Actual answer, no. And for us really it's—we have not worked with Zebra fish cells at all in that sense that we try to generate organoids from them and also of course have not transplanted them into the Zebra fish. So we only transplant into my steps, the only in vivo experiments in this system we actually use.
(0:41:22) Question: Do you have biobanks of prostate organoids or only colorectal?
I believe the biobank does have also generated those from prostate organoids. Let me just go back to the slides so we can check together. Yes, it's listed there. So it is actually one of the tumor types where we do have biobanked organoids.
(0:41:51) Question: At what ratio can the colorectal cancer organoids be split?
They grow really, really well and in most cases you can split them one in six up to one and twelve. So you can generate a lot of cells in a rather short time.
Moderator: All right. Our next question is:
(0:42:14) Question: How often do the colorectal cancer organoids have to be passaged or split?
Well, the passaging is really dependent on your question. If you want to propagate the organoids and keep them really nicely in cultured then this has to be done about once a week.

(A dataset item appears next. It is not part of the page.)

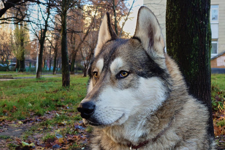 Adorable young Alaskan Malamute. Young dog indoor portrait. Friendly smile, brown eyes, white snout. Selective focus on the details, blurred background.

Moderator: Thank you, Dr. Kretzschmar. Do you have any final comments for our audience?
Yes, I would like to thank all of you for listening in and if you have any questions you can always get in touch with us at the Hubrecht Institute and also get in touch, for example, with the biobank, the hub biobank and see if there are any ways you can have access to these organoid lines. (0:42:59) But overall thank you very much for this opportunity and for your attention. Thank you.

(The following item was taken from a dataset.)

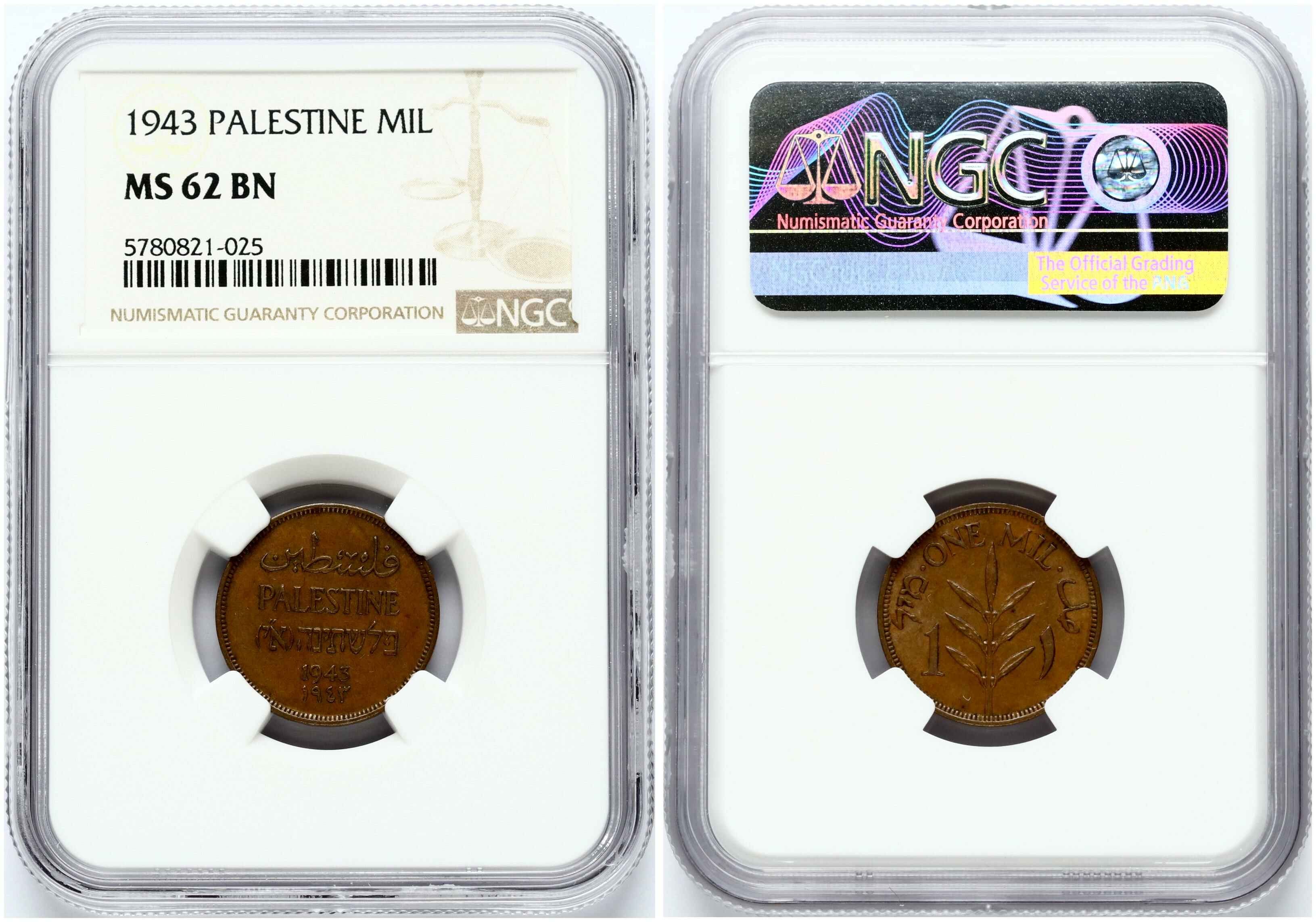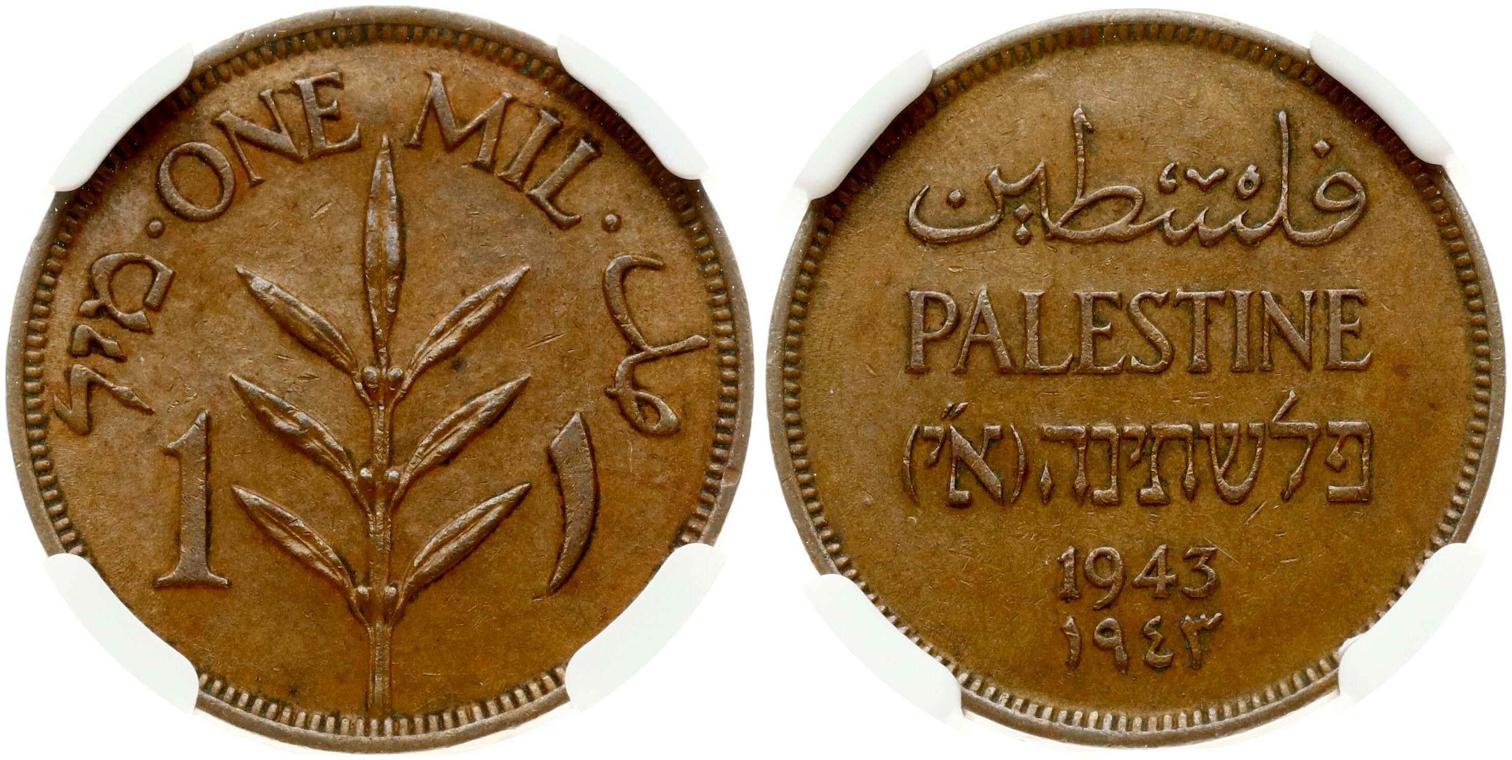 Palestine 1 Mil 1943 NGC MS 62 BN

Moderator: I would like to once again thank Dr. Kai Kretzschmar for his presentation. I would also like to thank Labroots and Thermo Fisher Scientific for making today's educational webcast possible. Before we go, I would like to remind everyone that today's webcast will be available for on-demand viewing through August of 2018. You will receive an e-mail from Labroots alerting you when this webcast is available for replay. We encourage you to share that e-mail with your colleagues who may have missed today's live event. That's all for now. Thank you for joining us and we hope to see you again soon. Goodbye.